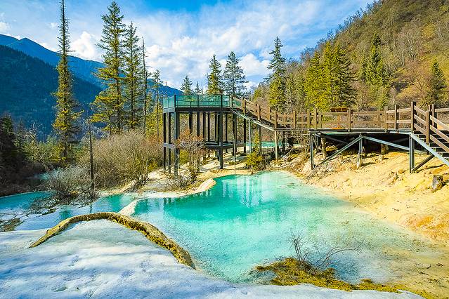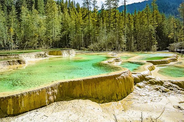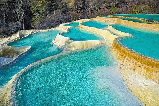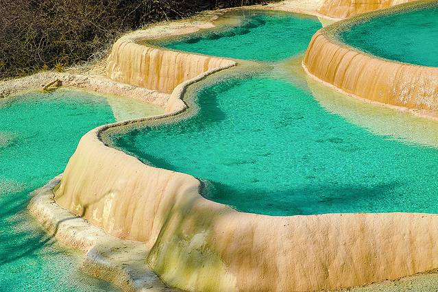 “莲台彩池”:它是景区钙化彩池最集中的区域,可以说是一池连着一池,大池套着小池。您站在上面往下看,那层层波光,是不是宛如颗颗宝石,正从高到低极致铺开?最下面是宁静而安详的青龙海,这般水景天成的绝世之美是无法用语言来形容和比拟的。
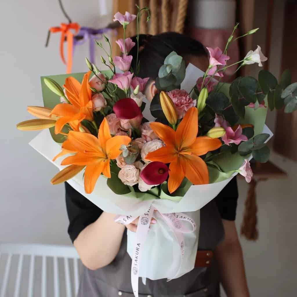 Brighten someone’s day with our stunning Sunset Harmony Bouquet. Featuring radiant orange lilies, delicate pink lisianthus, blush roses, and bold red calla lilies, all beautifully arranged with lush eucalyptus. Perfect for any occasion!
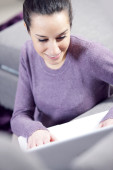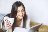 ładna dziewczyna uśmiecha się laptop z filiżanką kawy w ręku
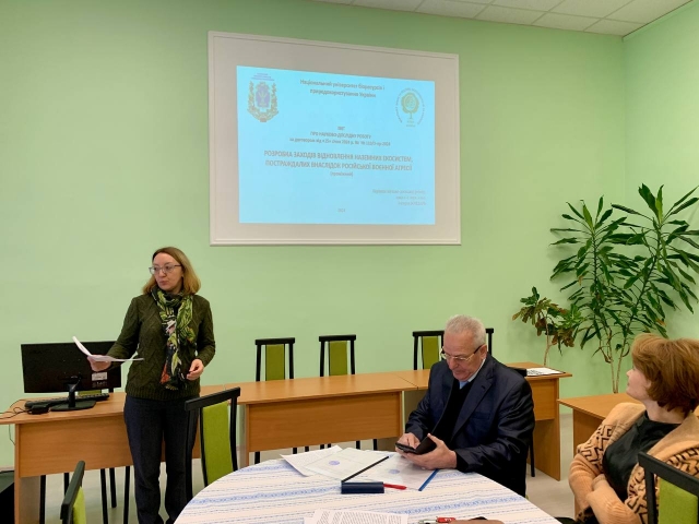 У рамках виконання НДР «Розробка заходів відновлення наземних екосистем, постраждалих внаслідок російської воєнної агресії», керівник якого канд. с.-г. наук Валерія Бондарь, проведено збір та узагальнення інформації щодо екологічного стану природних екосистем на території Бучанської громади Київської області за період до початку та після повномасштабного вторгнення. На базі експедиційних досліджень з відбором та аналізом зразків ґрунту, води, рослинності, визначенням радіаційного фону повітря і ґрунту здійснено порівняльний аналіз отриманих результатів з даними польових досліджень, що проводилися у довоєнний період. За результатами роботи визначено тенденції зміни екологічного стану досліджуваних територій та особливості екологічних порушень, що виникли внаслідок воєнної агресії. Це дало змогу обґрунтувати комплекс показників екологічних порушень локального рівня та методів їх оцінювання. До ключових показників віднесено прояви механічного і фізичного видів деградації ґрунтів мілітарного типу, вміст важких металів у ґрунті, зміни якості води й накопичення токсичних речовин в гідроекосистемах, зміни у видовому різноманітті рослинності. Проведені дослідження дали змогу сформувати попередні рекомендації щодо першочергових дій по відновленню порушених внаслідок воєнних дій екосистем області.
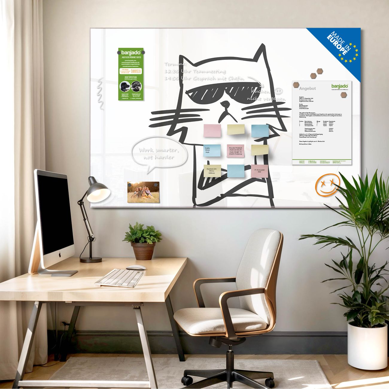 Die banjado Glas Magnettafel mit dem Motiv Motiv Coole Katze verbindet Funktionalität mit Stil. Sie ersetzt das Zettelchaos durch klare Strukturen und bringt dabei eine warme, natürliche Atmosphäre in Ihr Zuhause. Ob im Büro, in der Küche oder im Eingangsbereich - dieses Design-Board zieht Blicke an und sorgt für Ordnung mit Charakter.
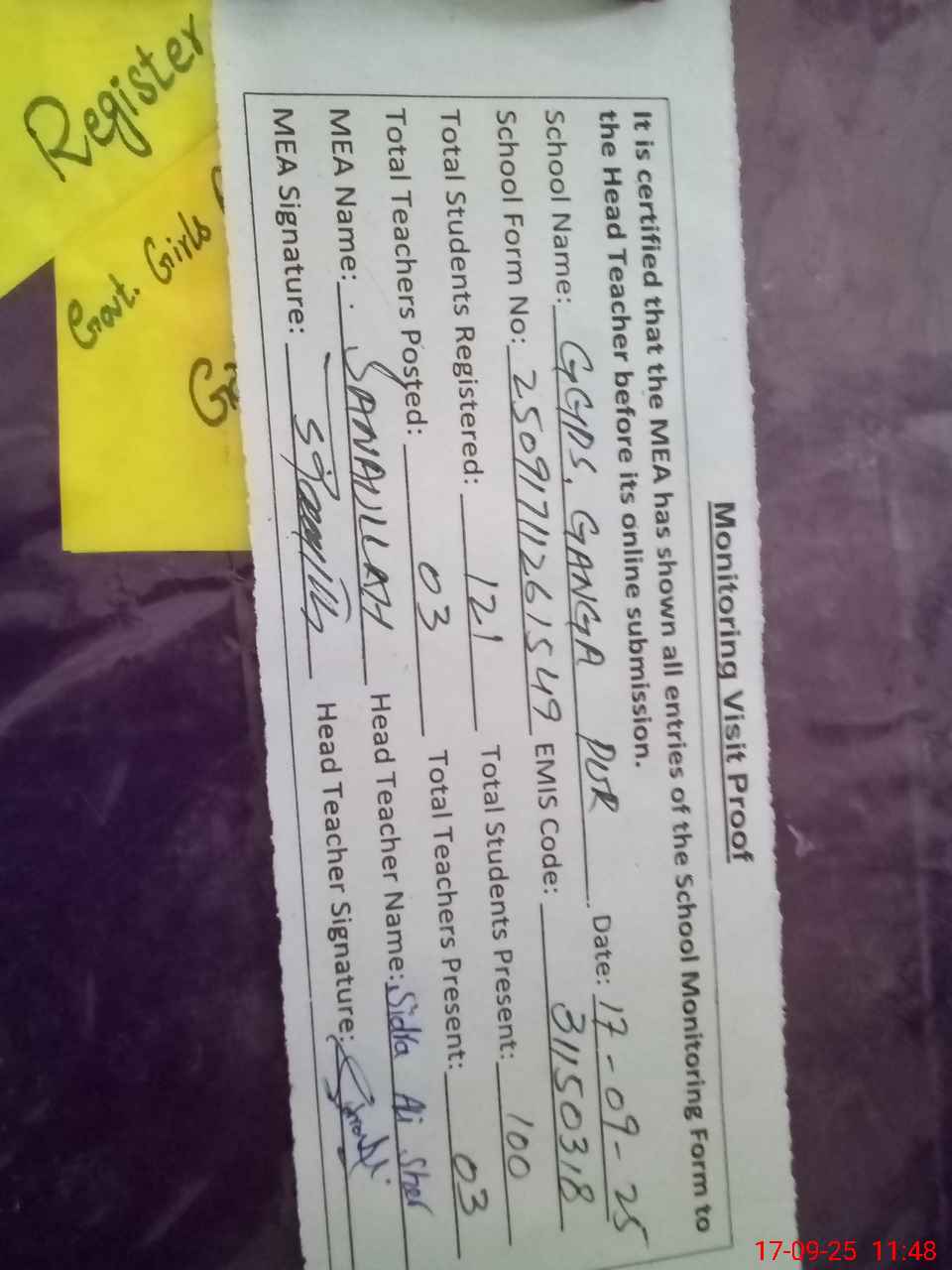 | EMIS Code: 31150318 | Name of School: GGPS GANGA PUR | |||
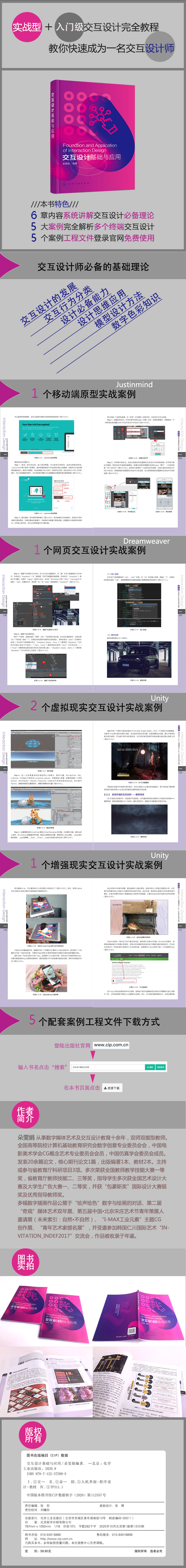 本书作为交互设计基础理论与实践应用入门用书,通过两大部分共六章内容深入浅出、生动直观地展开讲解。排名靠前部分:基于交互设计思维的第1、2章内容,涵盖交互设计的原理、发展历程,交互行为类型,交互设计师的工作职能及必备特质,设计思维的应用,等等。第二部分:以交互设计应用技术为主的第3~6章内容,其中包括数字色彩构成、交互界面设计、低保真与高保真模型的设计方法、 Justinmind软件的功能介绍与应用,并以实际案例详细展示了移动端原型设计与应用、网页设计中的交互设计应用、虚拟现实(VR)与增强现实(AR)中的交互设计应用,包括Justinmind的功能与应用、Dreamweaver及其操作、Unity及其交互特效的应用。为了便于实践操作、高效学习,书中附有与案例配套的工程压缩包,大家可登录www.cip.com.cn,搜索本书,在图书页面点击“资源下载”,或在出版社官网zui下端的“资源下载”中搜索、下载。 本教材适用于高等院校数字媒体艺术、数字媒体技术、新媒体设计、产品设计、工业设计、计算机应用等相关专业的师生,也可作为无交互设计基础的爱好者、入门人士的自学教程。
----
WHAT NEEDS TO BE DONE: Write out, word for word, the stretch of entries that begins at the line with "Brighten someone’s day" and ends at the line with "GANGA PUR | |||". Pictures do not belong in it.

REPLY:
 Brighten someone’s day with our stunning Sunset Harmony Bouquet. Featuring radiant orange lilies, delicate pink lisianthus, blush roses, and bold red calla lilies, all beautifully arranged with lush eucalyptus. Perfect for any occasion!
 ładna dziewczyna uśmiecha się laptop z filiżanką kawy w ręku
 У рамках виконання НДР «Розробка заходів відновлення наземних екосистем, постраждалих внаслідок російської воєнної агресії», керівник якого канд. с.-г. наук Валерія Бондарь, проведено збір та узагальнення інформації щодо екологічного стану природних екосистем на території Бучанської громади Київської області за період до початку та після повномасштабного вторгнення. На базі експедиційних досліджень з відбором та аналізом зразків ґрунту, води, рослинності, визначенням радіаційного фону повітря і ґрунту здійснено порівняльний аналіз отриманих результатів з даними польових досліджень, що проводилися у довоєнний період. За результатами роботи визначено тенденції зміни екологічного стану досліджуваних територій та особливості екологічних порушень, що виникли внаслідок воєнної агресії. Це дало змогу обґрунтувати комплекс показників екологічних порушень локального рівня та методів їх оцінювання. До ключових показників віднесено прояви механічного і фізичного видів деградації ґрунтів мілітарного типу, вміст важких металів у ґрунті, зміни якості води й накопичення токсичних речовин в гідроекосистемах, зміни у видовому різноманітті рослинності. Проведені дослідження дали змогу сформувати попередні рекомендації щодо першочергових дій по відновленню порушених внаслідок воєнних дій екосистем області.
 Die banjado Glas Magnettafel mit dem Motiv Motiv Coole Katze verbindet Funktionalität mit Stil. Sie ersetzt das Zettelchaos durch klare Strukturen und bringt dabei eine warme, natürliche Atmosphäre in Ihr Zuhause. Ob im Büro, in der Küche oder im Eingangsbereich - dieses Design-Board zieht Blicke an und sorgt für Ordnung mit Charakter.
 | EMIS Code: 31150318 | Name of School: GGPS GANGA PUR | |||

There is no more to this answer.